I don’t expect to see one that will be credible/convincing – there just too many challenges given the way studies are conducted, results reported on (written up) and selectively published.

I was first convinced of this by Iyengar, S. & Greenhouse, J. B. (1988). Selection models and the file drawer problem.

Statistical Science, 109–117 and comments.

For instance the publication selection models used in http://www.cidlab.com/prints/guan2015bayesian.pdf are just not realistic – real journal decisions are a mix reported results and politics (e.g. some groups can always get their papers published.)

But publication selection is just one of many conflated problems. Some studies are are much better conducted and reported on, that has to be dealt with somehow (Andrew’s garden of forking paths is _one_ of those quality dimensions.)

Now I actually got into meta-analysis as a means to construct informative priors and the general idea back then (1980,s) was to flatten the posterior (or likelihood given no prior) to get a conservative prior. These days we would realize it also needs to be shifted likely downwards. But by exactly how much?

As Stephen Senn used to put – meta-analysis is like aging: the only alternative is much worse (tying to assume no information?)

So it has to be done, it almost surely will be importantly wrong but hopefully much less wrong than not doing it at all.

(It also provides information on what should be done differently in new studies – see http://statmodeling.stat.columbia.edu/2012/02/12/meta-analysis-game-theory-and-incentives-to-do-replicable-research/ )

How does the garden of forking paths help?
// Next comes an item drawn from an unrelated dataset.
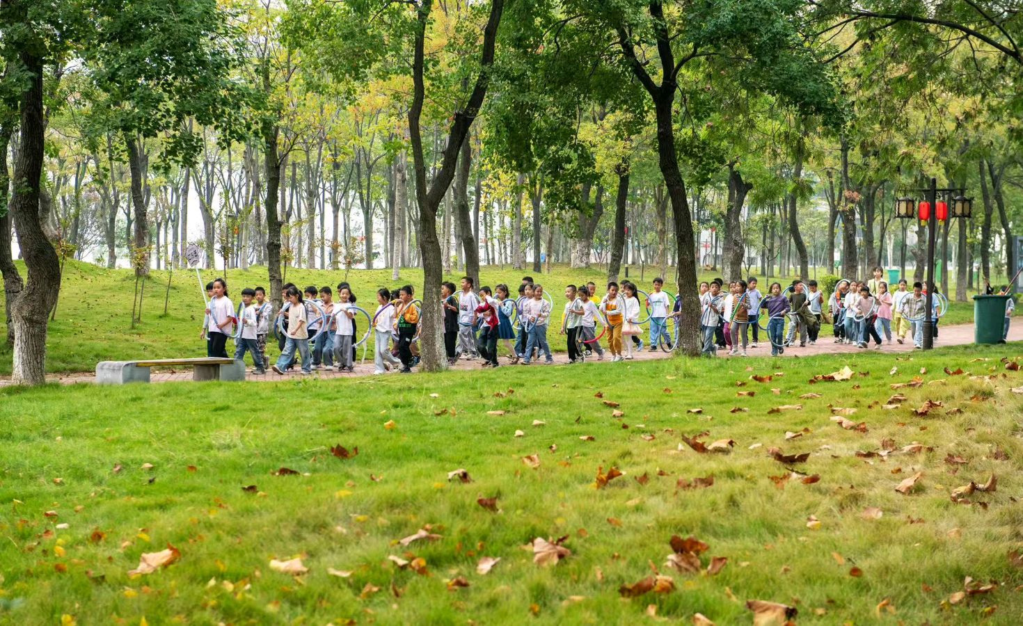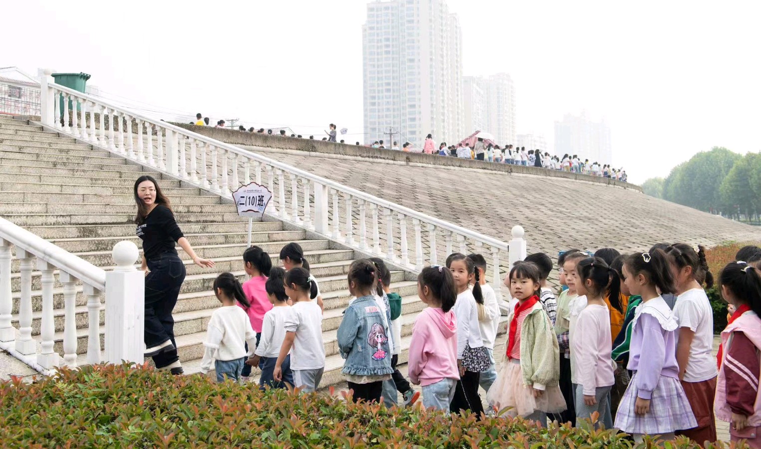 正在这时,孙女从人群中欢快地钻了出来,她可是二(10)班的小可爱呢。孙女嘟囔着小嘴,那模样可爱得就像一个萌萌的小团子,娇俏的她如同一个可爱的小精灵在抗议:“爷爷又偏心,不到我班拍。”此时,老年大学摄影班的徐正平老师与“我”正好在此实地考察,为下午同学们来滨江公园拍摄实景踩点。徐老师看到她这副模样,连忙温柔地抚摸着她的头,轻声说道:“走,我们到你那去。”孙女一听,立刻开心得像一只欢快的小鸟,活蹦乱跳地领着我们向她的班级走去。

It only describes a problem but not the solution strategy, correct?

For new studies you would try to minimize the number/complexity of paths and document those that could not be so avoided.

For existing studies if some had more paths than others and you could believe the documentation of this [and there were no other major problems as there almost always is] you could down weight or model to help sort that out – more paths less weight.
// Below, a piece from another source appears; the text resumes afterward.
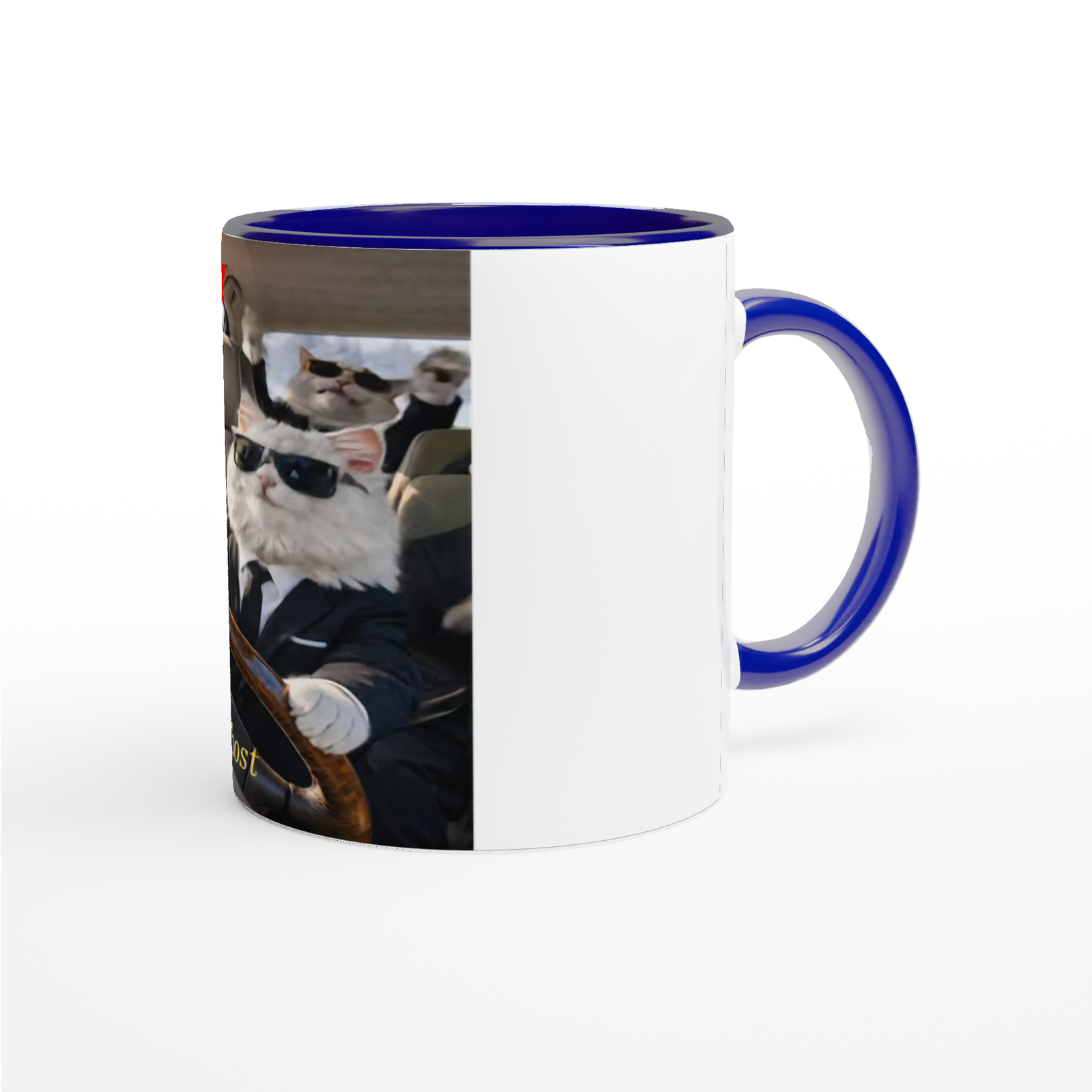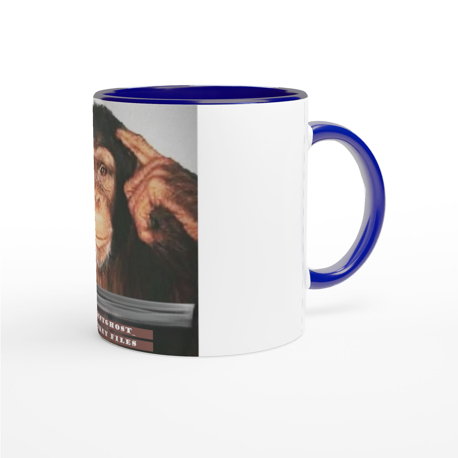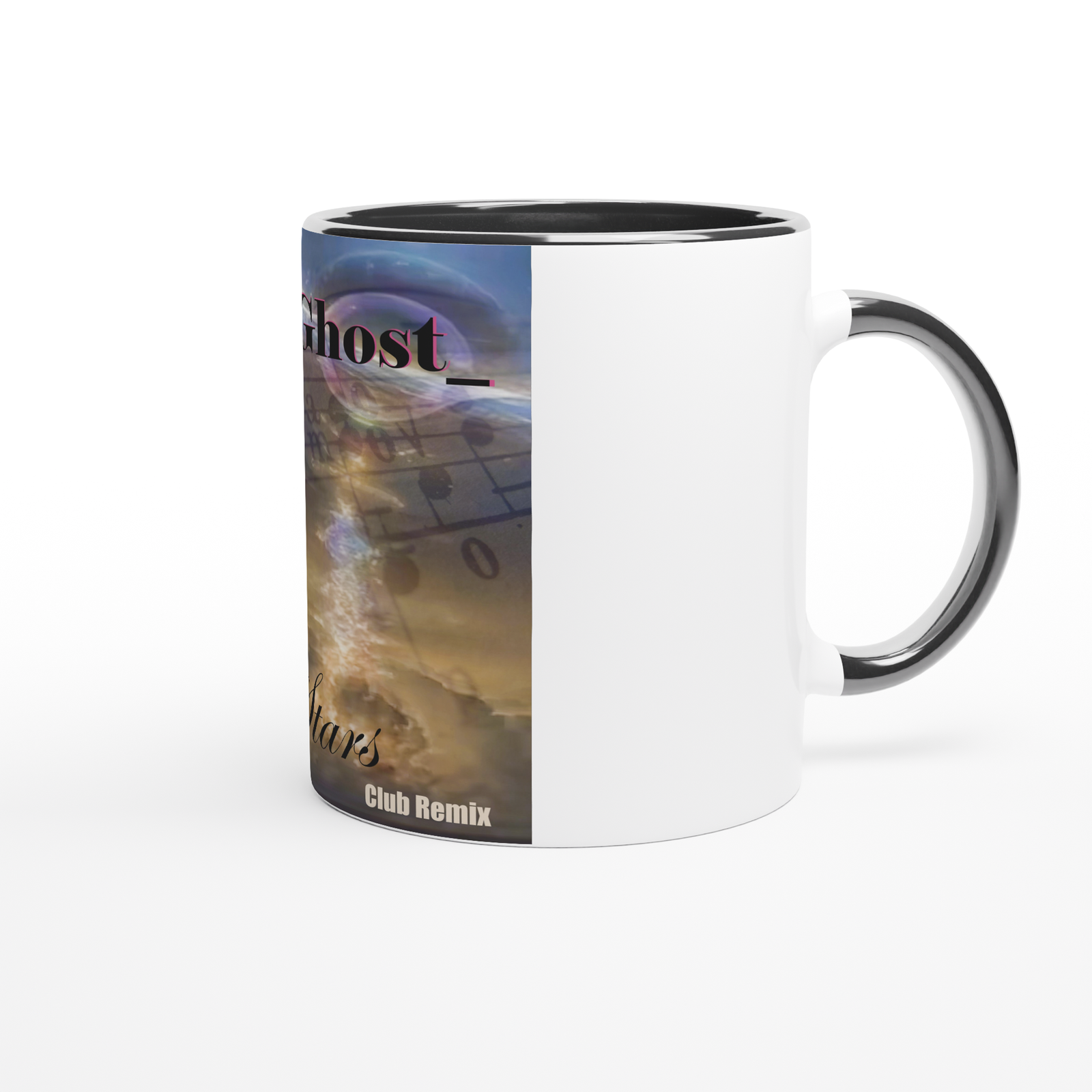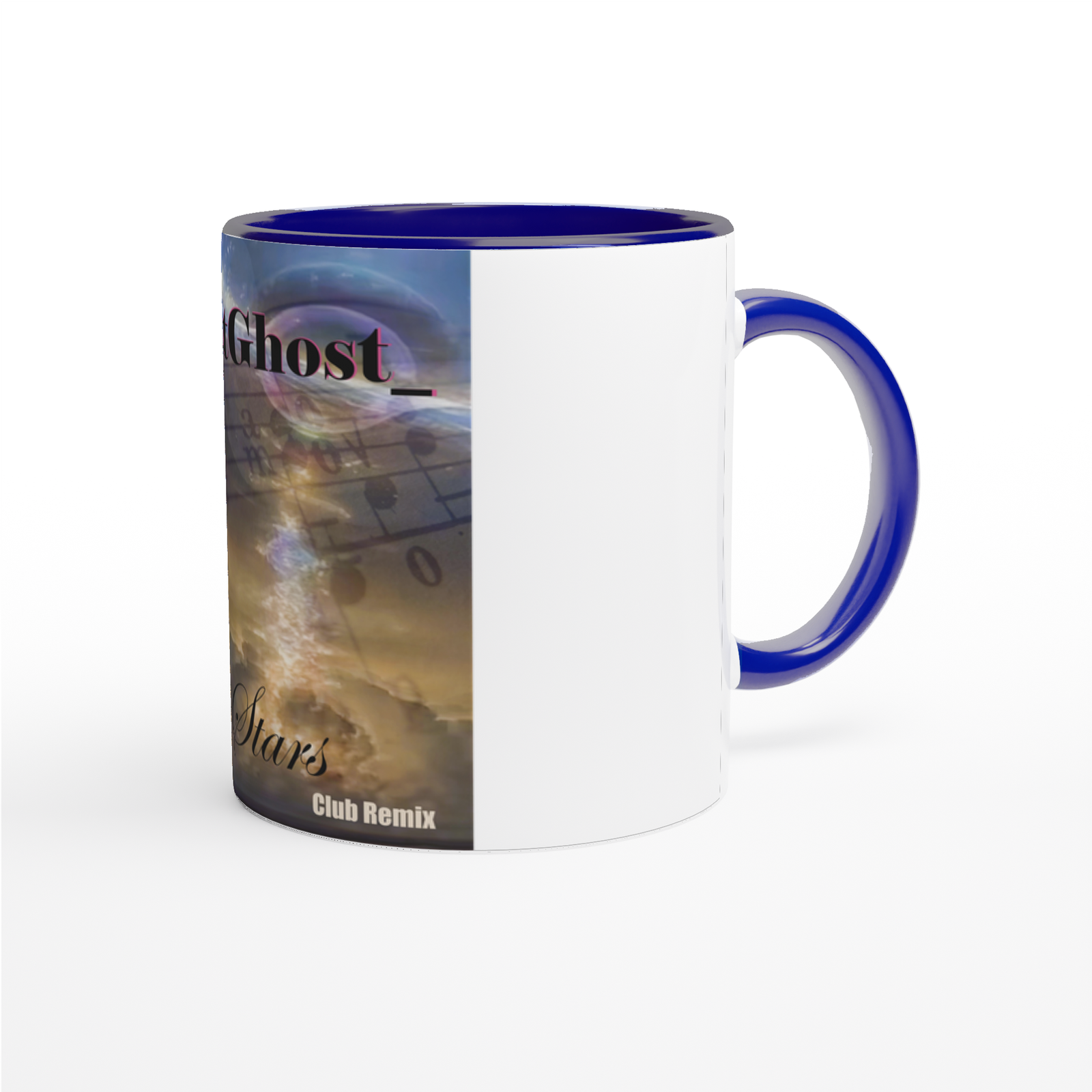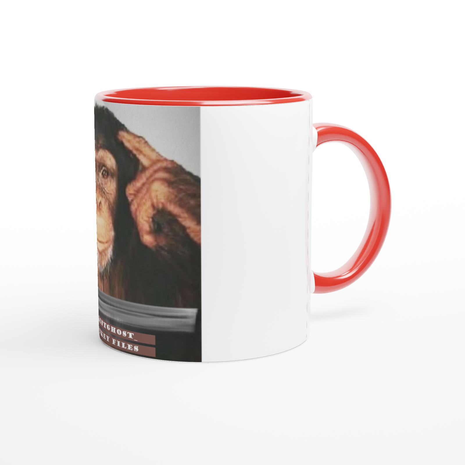 This mug is glossy white with a colored rim, inside, and handle. Microwave and dishwasher safe.

(Here is a technical paper on that type of approach http://biostatistics.oxfordjournals.org/content/2/4/463.full.pdf )

If smart people can’t adequately process the studies that were done from what was reported – then nothing has been actually learned from them and that should be the inference along with informing decisions for future studies.

You can’t make chicken salad from chicken shit but you wan’t to understand when you are just getting that ingredient and how to get something better in the future.

Dear Chris,

some years ago I was thinking about a similar problem while playing around with the Copas/Shi model for publication bias in meta-analysis. I learned that there are a lot of empirical results on publication bias, time delay to publication for “negative” results etc. in clinical research from which it would be probably easy to derive informative priors. The following papers are a good way to start (but I am sure that more evidence came up in more recent years):

http://www.ncbi.nlm.nih.gov/pubmed/9450711

http://www.ncbi.nlm.nih.gov/pubmed/17443632

http://www.ncbi.nlm.nih.gov/pubmed/17443628

Hope that helps,

Oliver

Oliver:

I do like Copas/Shi work on publication bias and almost suggested it here but it only gets to the point of being a sensitive analysis rather than an adjustment primarily due to lack of confidence in model specifications.

Disclaimer: Copas was original my external thesis examiner but withdrew after the Viva for undisclosed reasons.